Oh my goodness: CUTENESS OVERLOAD! Once I saw this picture, I knew I wouldn’t have the heart to shoot this animal. So I had to take some drastic measures. I knew there was only one thing to callous my heart enough to hunt the javelina: an episode of Animal Fight Night. Watching this show would no doubt steel my heart to the brutal reality that is nature.
Initially, I did struggle reconciling my emotions to my human craving for delicious meats.
But eventually I fought the compassion and channeled it into nausea.
I also decided a good way to prepare myself to take the life of this creature was to make myself hate it. To that end, I decided to invent a Liam Neeson-esque backstory about the rodent: That pig stole my daughter and forced me on a cross-country trek for revenge! (You must think this next part in Liam Neeson’s gruff, Scottish-infused voice) "Well, I have a certain set of skills, and while those skills are mainly Finance-related, I also have an unquenchable desire for retribution."
Feeling mentally ready to hunt, it was time to prepare the supplies. I had most of the gear from my previous hunts. However, our goal with the javelin was to clean it in the field and bring it home to eat. Knowing “cleaning” an animal is anything but clean, I decided to bring the appropriate clothing for the task:
Thinking I was ready to go, an image of my prey flashed in my mind:
On the morning of our hunt, my Uncle and I set out early in an attempt to be in the field at the break of dawn. We reached our desired location just as the sun was coming over the hills and the light revealed traces of our quarry:
This javelina poo was so fresh I doubt he was even done wiping! We knew for certain that there was one (very relieved) javelin in the immediate vicinity.

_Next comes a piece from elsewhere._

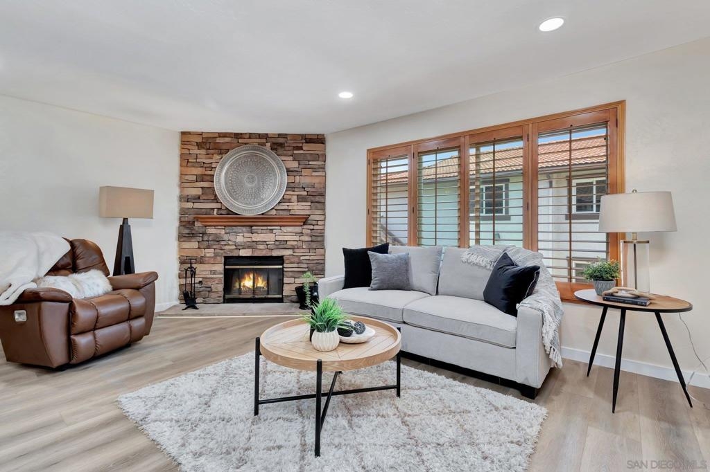 Step into the tranquil embrace of Riderwood Gardens, an exclusive gated enclave nestled in the heart of Santee, CA. This recently updated 3-bedroom, 2-bathroom condo awaits, offering a refined sanctuary on the second floor. Indulge in the luxury of all-new 20mil LVP flooring that spans the entire unit, complemented by freshly installed recessed lighting, paint, door hardware, and baseboards. Dual-paned windows invite natural light to dance gracefully throughout, while cedar-lined closets provide a touch of rustic elegance. The primary retreat beckons with an en-suite bathroom featuring a jetted tub/shower combo, alongside a meticulously organized closet. Gas cooking and granite countertops adorn both the kitchen and bathrooms, enhancing both form and function. Convenience is key with included washer and dryer nestled within the in-unit laundry closet. Your abode is accompanied by a personal 1-car garage and an additional parking space, situated nearby for ease of access. Beyond the confines of your home, Riderwood Gardens boasts an array of community amenities, including two pools, three parks, and meticulously manicured grounds. Enjoy the convenience of proximity to schools, grocery stores, parks, and restaurants, all within walking distance of your doorstep. Welcome to a lifestyle of comfort, convenience, and community at Riderwood Gardens.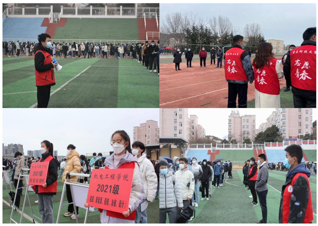 疫情就是命令,防控就是责任。机电学院学生志愿者积极投身疫情防控一线,组织学生开展核酸检测等一系列疫情防控工作。面对一天一轮的核酸检测以及各项防疫工作,机电学院学生志愿者冲锋在前,合理安排核酸检测前的准备工作,设置多层等待区域,多个等待环节,精准落实各项疫情防控措施,保障学生的安全。学院领导对疫情期间学生工作做了明确安排,在保证学生健康安全的前提下,确保网络教学质量,做到停课不停学。

We found a nearby wash to begin walking in search of scat originator. However, after only a few minutes, we realized we weren’t going to make much progress. The wild grass was so tall and thick, anything shorter than Sasquatch was safe. I literally wouldn’t be able to see a javelina until it was about 3 and a half feet away; which is about 800 feet closer than I am comfortable with.

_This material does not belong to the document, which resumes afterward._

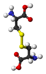 Potassium Bromate (KBrO3) is added to flour as a conditioner which enhances the structure of bread.[4] It may do this by forming disulfide bonds in a reaction like the one in Example 3, between two cysteine amino acids. The actual mechanism for bromate action is still not known, but it may involve oxidation of glutathione to give a disulfide link (analagous to cysteine)[5] This mechanism has been demonstrated in pound cake, where the links are in egg proteins[6][7] The function of the KBrO3 is to remove the 2 electrons, which is necessary to form the disulfide bond, as shown in the figure below. Each of the cysteine amino acids would be in a protein chain, so the reaction would link two chains, imparting cohesion to the dough.
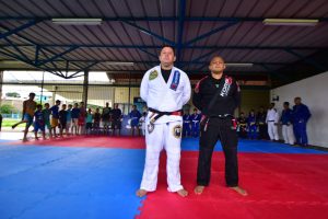 “É um projeto voltado à comunidade, para quem tem vontade de treinar e não tem condições. Temos sete campeonatos por ano e as nossas crianças competem. Temos três que são feras e já ganharam medalhas e troféus. Estamos trabalhando para retirar essas crianças das ruas. Nós ajudamos os alunos carentes, alguns que não tem como comprar quimono, dinheiro para se inscrever em campeonato. Eu consigo levar oito a 10 crianças para competir”, relatou o sargento.

So our next tactic was to silently creep to the top of a hill and “glass” the surrounding valley. This entails constantly surveying the land with binoculars waiting for movement. As you can imagine, this is a silent, calm endeavor. I had plenty of time to really get to know myself. And I am boring! After about 6 minutes my mind was wandering and my eyelids were getting heavy. Which can only mean one thing: selfie time. HOLLA!
After about an hour and a half of sitting on the hillside literally watching wild grass grow, we decided to look for more signs of javelin and use our well-tuned tracking skills to no doubt stumble upon a herd of javelin. We went to several different areas, walking for mile after fruitless mile and didn’t find any fresh tracks. By around 2 in the afternoon, we decided to cry mercy…errr….I mean, give our javelin prey a generous break by heading home.
Despite a day of searching for javelin, still the only time I’ve seen them in the wild was at the park by my house.
However, in only one day of javelina hunting I managed to take as many as the total coyotes and mountain lions I’ve got on all my previous trips…combined! BOOM!